What are the major differences between the two? Below I will describe the differences in the simplest terms possible.

Singer 9970 vs. Singer M1500: Comparison in Features

Sewing Machine Types

The Singer 9970 is a computerized sewing machine, while the Singer M1500 is a mechanical sewing machine. Since the machine types decide they differ a lot in features, I won’t make a suggestion.

The sewing machine you choose should be tailored to your skill level and goals.

Singer 9970 vs. Singer M1500 : Built-in Stitches

The Singer 9970 comes with an attractive amount of built-in stitches, 600 to be exact. Within those 600 stitches you can find standard stitches, decorative stitches and easy-to-use buttonhole stitches. While the Singer M1500 sewing machine features 6 stitches. Similar to the Singer 9970, these stitches include standard and decorative stitches.

Weight

The Singer 9970 weighs approximately 17.8 lbs, while the Singer M1500 sewing machine comes with a weight of 10 lbs.

When you don’t have a specific spot in your home where your sewing machine belongs, the extra weight can become burdensome.

Start/Stop Button

The Singer M1500 doesn’t come with a start/stop button, while the Singer 9970 does.
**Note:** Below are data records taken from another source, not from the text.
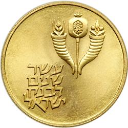 Israel. 50 Lirot, 1964. Fr-4; KM-44. Weight 0.3933 ounce. Bank of Israel - 10th Anniversary. Cornucopia. In original wallet. Choice Brilliant Uncircul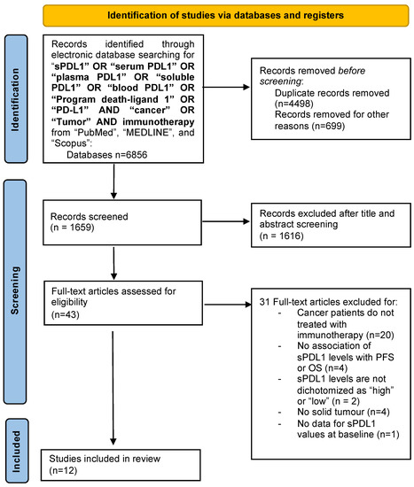 The study selection process is summarized in Figure 1. In total, 6856 papers were found in the literature search, and after excluding duplicates, abstracts, review articles, letters, mouse studies and chapters of books, 1659 articles were screened. Of these, 1616 manuscripts were further excluded after the title and abstract screening. After full-text screening, 31 full-text articles were excluded for the following reasons: treatment other than immunotherapy (n = 20); no investigation between sPD-L1 levels and PFS or OS (n = 4); no dichotomy of sPD-L1 levels as “high” or “low” (n = 2); no solid tumor (n = 4); no data for sPD-L1 values at baseline (n = 1). Finally, 12 studies involving several tumors (such as mesothelioma [18], melanoma [19,20], NSCLC [20,21,22,23,24,25,26,27], RCC [20,28]) and a total of 1076 patients met the inclusion criteria and were considered for the review. The details of the studies that fulfilled the inclusion criteria are presented in Table 1. The outcome was sub-categorized according to sPD-L1 values, under or above the threshold reported in the investigated studies (cut-off value).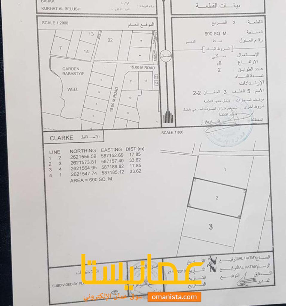 للبيع ارض سكنية ممتازة في بركاء قرحة البلوش ، رقم القطعة (2) .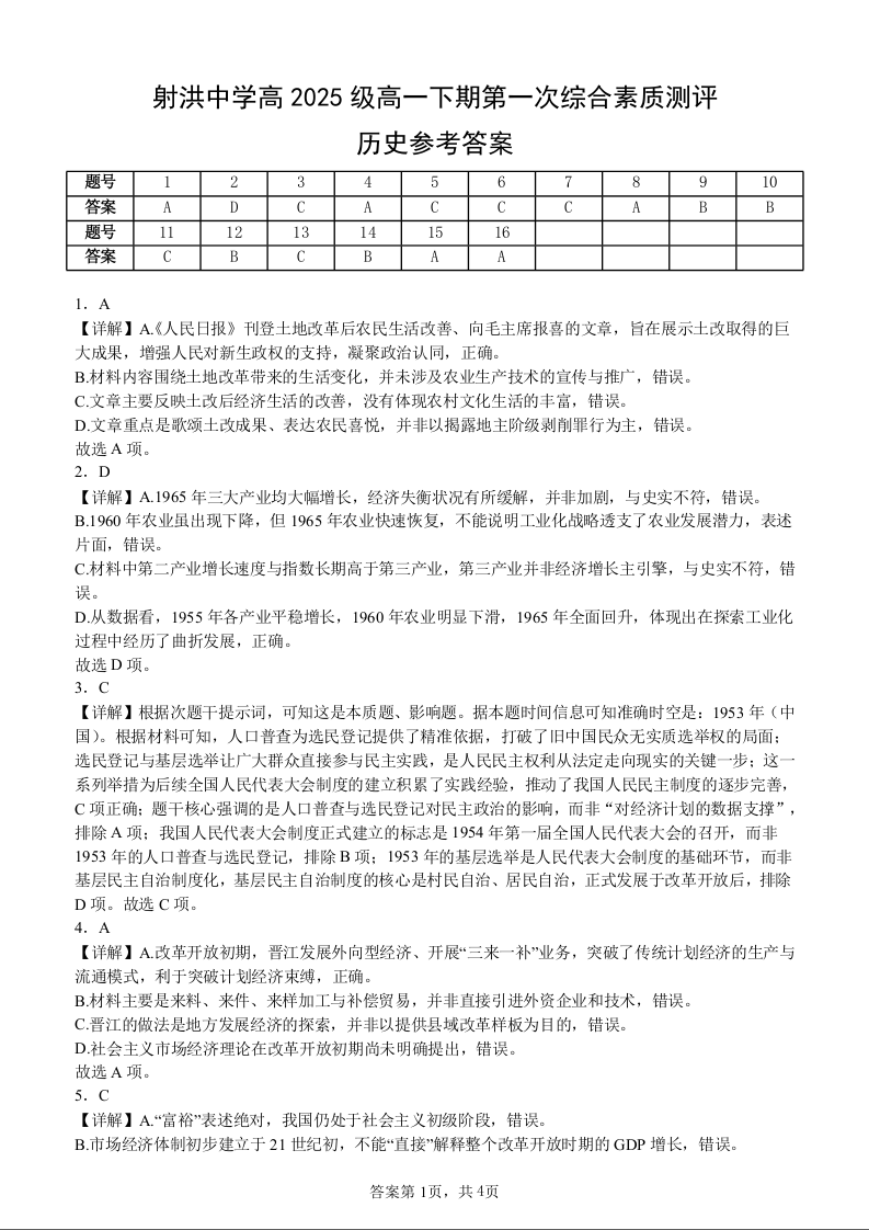 遂宁市射洪中学2025-2026学年高一下学期第一次综合素质测评 历史答案.docx

A huge number of sewists don’t realize that using the start/stop button effectively can make sewing a whole lot easier. It is very useful for decorative stitches for example, as well as with free-motion quilting.

Speed Control Slider

The Singer 9970 sewing machine arrives with a speed control slider while the Singer M1500 doesn’t. A speed control slide is a useful feature that allows you to set the maximum speed you are comfortable with.

Automatic Needle Threader

To assist the user, self-threading sewing machines have what is called an automatic needle threader. The Singer 9970 has one while the Singer M1500 doesn’t.

Drop-in Bobbin

This Singer 9970 sewing machine comes with a drop-in bobbin, which allows you to see how much thread is left on the bobbin through the window. While Singer M1500 doesn’t

Programmable Needle Up/Down

Unlike the Singer 9970, the Singer M1500 isn’t equipped with a programmable needle up/down function. And using the needle-down function allows the needle to act as a third hand in holding the stitching position, such as when you want to stop and turn a corner or stitching a curve.

Free Arm

There is free arm on both the Singer 9970 and the Singer M1500. The free arm is a very useful feature to all sewing machines as it makes sewing one layer of fabric without catching another. This is because all of the workings around the bobbin race, feed dogs, and needles are housed there.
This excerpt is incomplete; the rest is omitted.